◆ **SOURCE INFORMATION**:
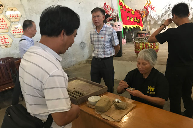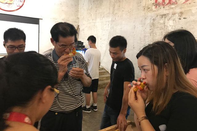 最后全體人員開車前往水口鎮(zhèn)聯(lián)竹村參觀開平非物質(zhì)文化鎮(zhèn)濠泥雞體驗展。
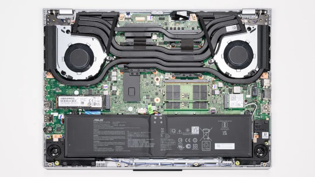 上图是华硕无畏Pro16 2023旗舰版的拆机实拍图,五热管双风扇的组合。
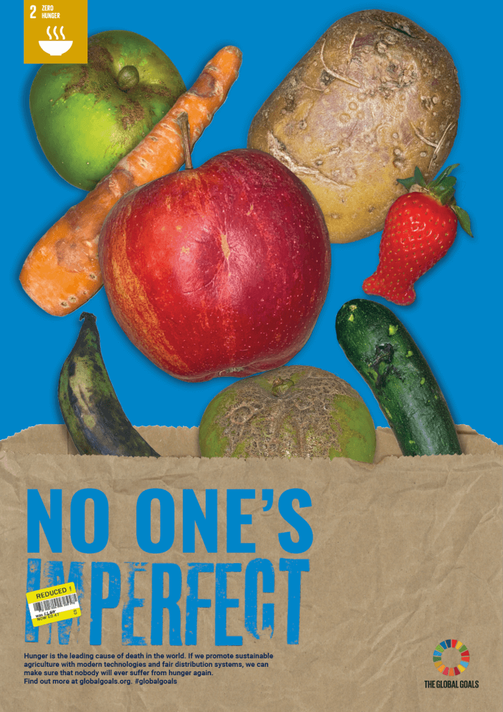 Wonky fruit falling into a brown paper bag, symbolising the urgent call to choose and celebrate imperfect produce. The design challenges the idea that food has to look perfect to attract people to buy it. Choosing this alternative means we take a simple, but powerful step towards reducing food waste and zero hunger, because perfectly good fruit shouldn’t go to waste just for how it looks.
--
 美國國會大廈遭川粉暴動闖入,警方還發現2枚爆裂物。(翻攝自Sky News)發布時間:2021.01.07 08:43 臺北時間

◆ **PROBLEM DESCRIPTION**:
Using the data above, retype exactly and only the lines from the one containing "最后全體人員開車前往水口鎮(zhèn)聯" up to and including the one containing "Wonky fruit falling", with no pictures carried over.

◆ **THE ANSWER**:
 最后全體人員開車前往水口鎮(zhèn)聯(lián)竹村參觀開平非物質(zhì)文化鎮(zhèn)濠泥雞體驗展。
 上图是华硕无畏Pro16 2023旗舰版的拆机实拍图,五热管双风扇的组合。
 Wonky fruit falling into a brown paper bag, symbolising the urgent call to choose and celebrate imperfect produce. The design challenges the idea that food has to look perfect to attract people to buy it. Choosing this alternative means we take a simple, but powerful step towards reducing food waste and zero hunger, because perfectly good fruit shouldn’t go to waste just for how it looks.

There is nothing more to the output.